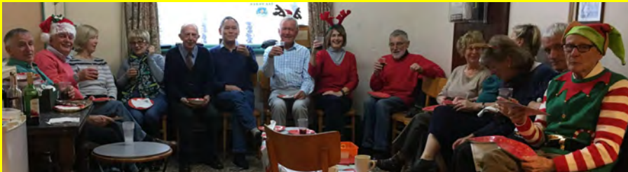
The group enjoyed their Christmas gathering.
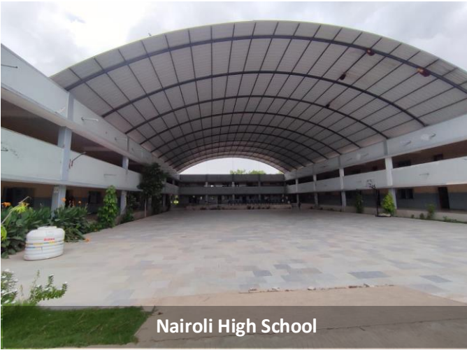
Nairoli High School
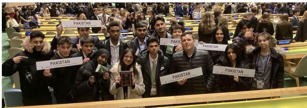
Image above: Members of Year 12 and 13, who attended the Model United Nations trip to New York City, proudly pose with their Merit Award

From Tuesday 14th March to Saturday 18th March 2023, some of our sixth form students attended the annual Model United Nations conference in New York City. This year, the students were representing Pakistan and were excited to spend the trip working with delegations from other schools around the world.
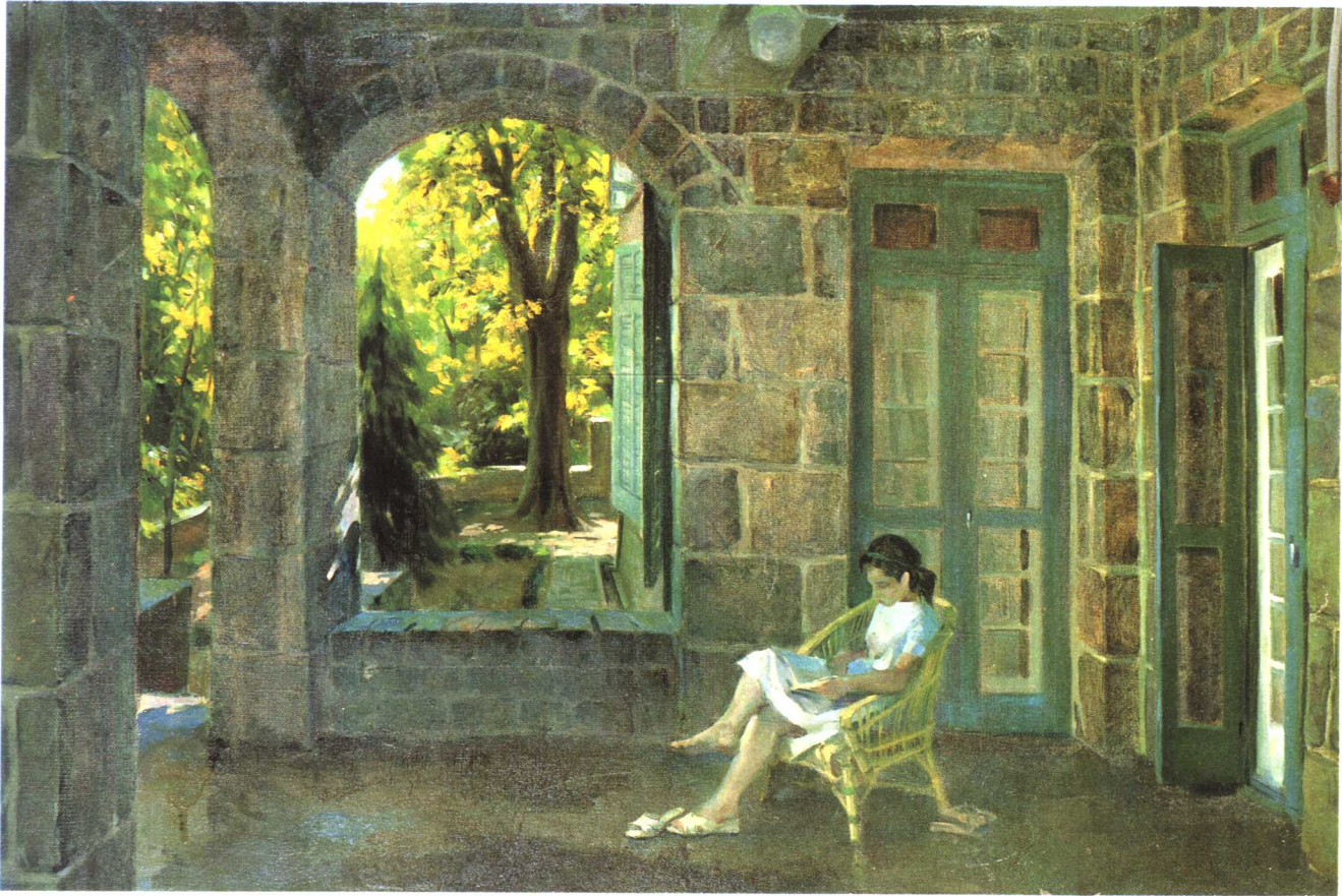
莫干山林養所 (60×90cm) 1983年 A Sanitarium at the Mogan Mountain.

• What this task involves: Search term "their": return each line of the data that contains it.

• Response below:
The group enjoyed their Christmas gathering.
Image above: Members of Year 12 and 13, who attended the Model United Nations trip to New York City, proudly pose with their Merit Award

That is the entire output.